Dank u wel, voorzitter. In 2023 zijn de Europese subsidies voor de promotie van vlees en zuivel verdubbeld ten opzichte van het jaar daarvoor. Er ging 46 miljoen euro aan belastinggeld van burgers naar reclames voor dierlijke producten. Geld dat we keihard nodig hebben om boeren te helpen omschakelen naar een gezond en diervriendelijk voedselsysteem, wordt nu verspild aan het stimuleren van het eten van vlees en het spekken van agro-industrie. Deze subsidies saboteren het kabinetsbeleid voor de transitie naar een meer plantaardig voedselsysteem. De Tweede Kamer heeft de minister opgeroepen om zich hier fel tegen te verzetten. De minister heeft zich in de EU tegen de subsidies uitgesproken. Dat is heel fijn, maar die inzet heeft helaas niet geleid tot de afbouw van subsidies voor vleespromoties. Integendeel, de subsidies zijn verdubbeld. Is de minister bereid om actief steun te zoeken bij andere lidstaten en om samen met die lidstaten op te trekken om ervoor te zorgen dat de EU zo snel mogelijk stopt met deze belachelijke verspilling van belastinggeld?

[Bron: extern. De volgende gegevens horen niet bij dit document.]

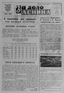 ы т» —■давни лп ОРГАН СЕВЕРНОГО РА Й КОМ А КПСС И РАЙОННОГО СОВЕТА НАРОДНЫХ Д Е П У Т А Т О В НОВОСИБИРСКОЙ ОБЛАСТИ Выходит п о вторника м, четвеогам и субботам Год издания 45-й № «8 (5040) Ч Е Т В Е Р Г 5 и ю н я 1 9 8 0 года Цена 2 коп. В ближайшие дни завершить с е в я р о в ы х к у л ь т у р 1 Д Н Е В Н И К П О Л Е В Ы Х Р А Б О Т На полях района завершается посевная кампания- Сейчас во всех хозяйствах заканчивается сев зерновых культур- По плану они должны разместиться на 1 7 0 4 0 гектарах- На второе ию- 1 я засеяно l b 7 53 гектара, что составляет 9 6 ,5 процента. Колхозы «Память Ленина», имени М. Горькс- ю , «Путь к коммунизму», имени К- Маркса, « 7-й съезд Советов» полностью закончили сев зерновых культур- Остальные хозяйства близки к этому- Восемь хозяйств района справились с планом посева пшеницыПродолжается сев силосных культур. Медленно идет сев зерновых культур в колхозах «Новая жизнь» и «Борьба за мир»- Здесь посеяно чуть больше 60 процентов всей посевной площадиЗавершение сева яровых культур позволит начать вспашку паров, подготовку сеноуборочной техникиСВОДКА О ХОДЕ ВЕСЕННИХ ПОЛЕВЫХ РАБОТ В, СОРЕВНУЮЩИХСЯ КОЛХОЗАХ на 2 июня 1980 года Колхозы Всего Яро ш х | В т. ч, всех з е р а . Из них пшеницы С лосных план факт. J план 1 факт. план факт.’ план факт. Память Ленина 4350 3970 3190 3190 1170 1170 550 500 им. XXII съезда КПСС 3793 3412 2760 2639 1040 1170 820 691 Восход 2171 1819 1450 1143 500 430 640 ' 675 Новая жизнь 1791 1056 1260 950 500 385 400 105 Заветы Ильича 2381 1718 1620 1403 900 900 470 314 им. М. Горького 2051 1625 1340 1420 800 800 350 164 Путь к коммунизму 2642 2425 1610 1625 400 417 750 650 им. К- Маркса 1911 1792 1200 1200 300 408 550 550 Борьба за мир 2151 1411 1580 1080 260 260 400 330 7-й съезд Советов 1631 1432 1030 1103 150 202 550 328 Итого по району 25220 20660 17040 15753 6020 6142 5480 4307 П О Р А Б О Л Ь Ш О Г О Ш I Л 0 К А У животноводов района насту- лограмм опережает надои 1 97 9 тнгнутыл успех, устранить негила ответственная пора— скот года. Здесь вовремя был составлен достатки, допущенные при пере- перешел на пастбищное содер- график перевода животных на поде скота, создать все условия жание. От того, как пройдет выпаса- Заранее проверили рабо- для дальнейшего роста продукти- ; та кампания, зависит выпол- ту оборудования на дойках, рас- вности- Особенно много предсто- i.emie как полугодовых планов пределили участки для пастьбы, нт сделать там, где допустили го производству и продаже про- подобрали пастухов- На сегодня- крупные просчеты, вовремя не дукции животноводства, так и шний день впереди идет Остяц- подготовили летние лагеря, дон- юдовых. кая ферма, где суточный надой ки, не предотвратили срыв в корТам, где вовремяподготовлены от коровы составляет по 1 0 ,5 млении животных. Это касается летние доильные площадки и килограмма- колхозов имени К. Маркса, «Залагеря, организованаподкормка Первенствуют доярки Е. А. Ка- петы Ильича», «Новая жизнь», животных на пастбищах, прави- рецкая. надаивающая от коровы по "мени М Горького- В этих хозяй- льно сформированы гурты и по- 13 килограммов молока и Л А- ('твах 10 сей день так и це смог- добраны кадры, там сумели зна- Евдокимова — по 1 2,5 кило- ли преодолеть отставание в надо- чстельно повысить продуктов- грамма- лх к уровню прошлого годагость коровУверенно наращивают темпы ]>оета производства молока в колхозе «Борьба за мир»- Здесьзна- 1 стельно больше производят этой 1родукции, чем в прошедшем 1оду. Достаточно сказать, что еще в середине февраля хозяйство находилось на шестом месте среди десяти колхозов, а се
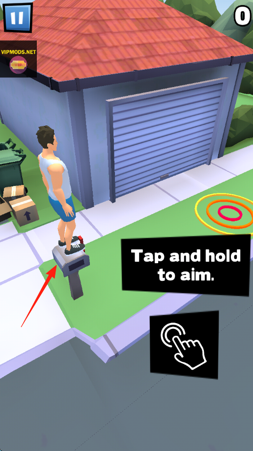 1、操作引导角色站在跳板,“Tapandholdtoaim”提示长按瞄准,调整跳跃方向,准备在街道场景(车库、绿植)开始跑酷。
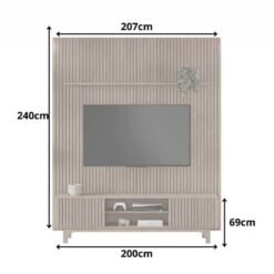 3{%%}Descrição{%%}Rack Triunfo Larg. 2.00m Cinamomo + Painel Riso Larg. 2.07m Cinamomo Ripado para TV até 75″ – JCM
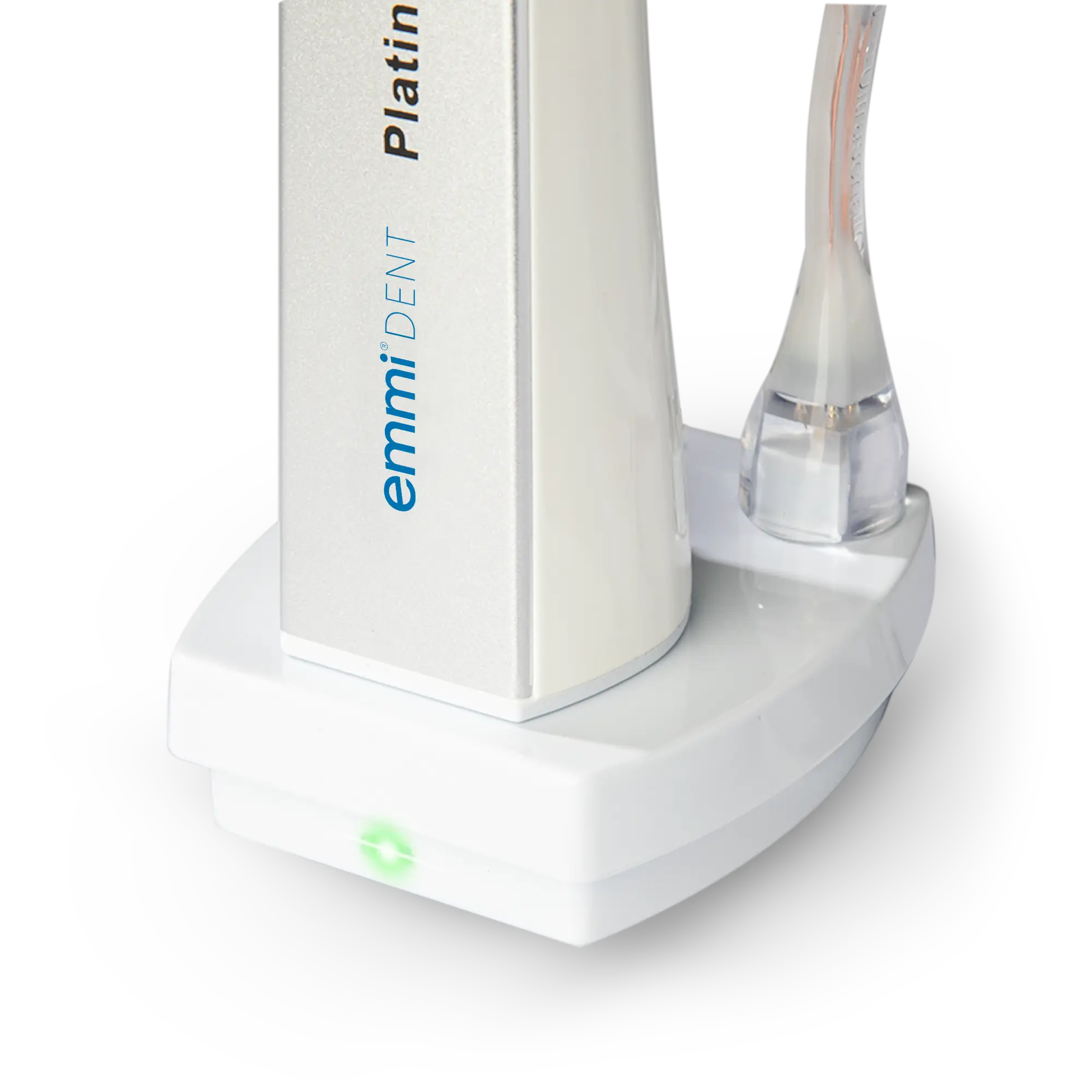 L'emmi-dent Platinum a une durée de vie de la batterie plus longue que ses modèles prédécesseurs. Avec une utilisation régulière 2 à 3 fois par jour, le Platinum peut durer jusqu'à 15 jours avant de devoir être rechargé. Cette durée de vie prolongée de la batterie (lithium-ion) offre commodité et utilisation ininterrompue et élimine le besoin de charges fréquentes.
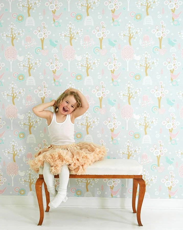 Heimelig und zauberhaft stimmt das romantische Naturszenario auf den Tag oder die Nacht ein. Die harmonisierende Farbgebung in Hellgrau, Altrosa, Hellbraunbeige, Hellpastelltürkis und Weiss verleiht dem Raum einen warmen, weichen Charakter und stimmungsvolle Helligkeit. Hier können Kinderträume wahr werden!
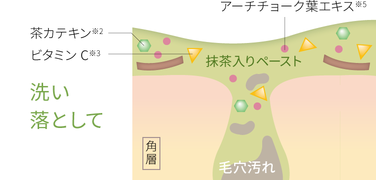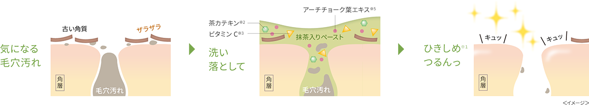 キメの整ったつるり肌へ宇治抹茶を含んだペーストが、毛穴汚れを洗い落として、お肌ひきしめ※1キメの整ったつるり肌に導きます。
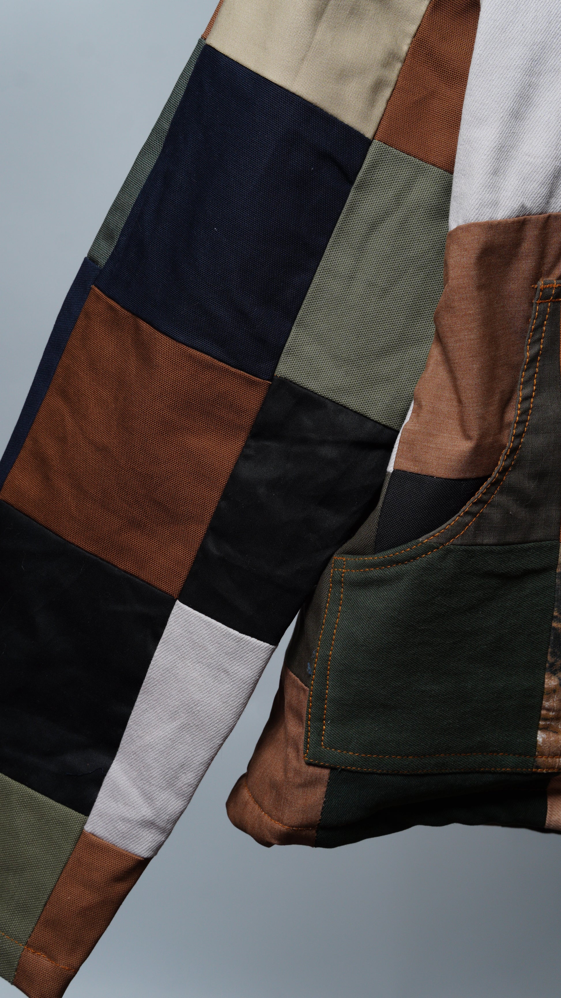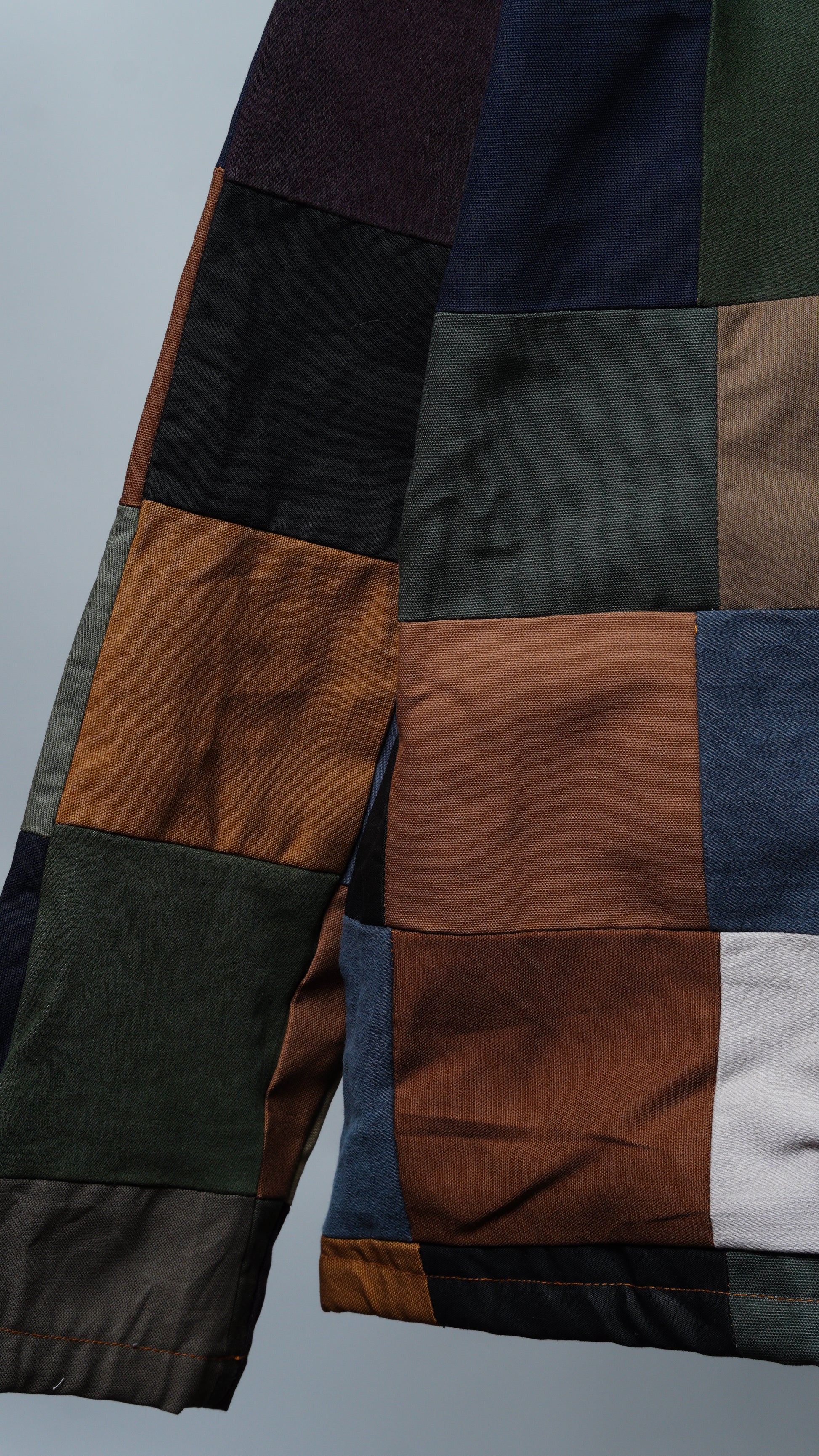 These jackets are made from soft work apparel scraps and preowned garments. Each jacket is unique with various color combinations and cloth linings. Linings and trims are taken from other second-hand materials and brands.

Dan heb ik één motie over de gruwelijke mishandeling van de garnalen.

De voorzitter:

Dank voor uw inbreng. Dan is het woord aan de heer Flach namens de SGP.

De heer Flach (SGP):

Voorzitter. Ik wil ook stilstaan bij het bedreigen van de kers op de Hollandse taart. De aangevraagde vrijstelling dreigt te worden afgewezen en dat wil de SGP niet laten gebeuren. Zonder deze middelen kunnen de fruittelers deze suzukifruitvlieg — ik vind het trouwens een bijzondere naam voor zo'n naar beestje — niet de baas en is het voor veel telers einde oefening. Ik heb de afgelopen dagen verschillende keren gehoord dat de zaag dan in de stam gaat. Dan hebben we volgend jaar geen kersenbomen meer en ook geen Hollandse druiven. Deelt de minister deze analyse?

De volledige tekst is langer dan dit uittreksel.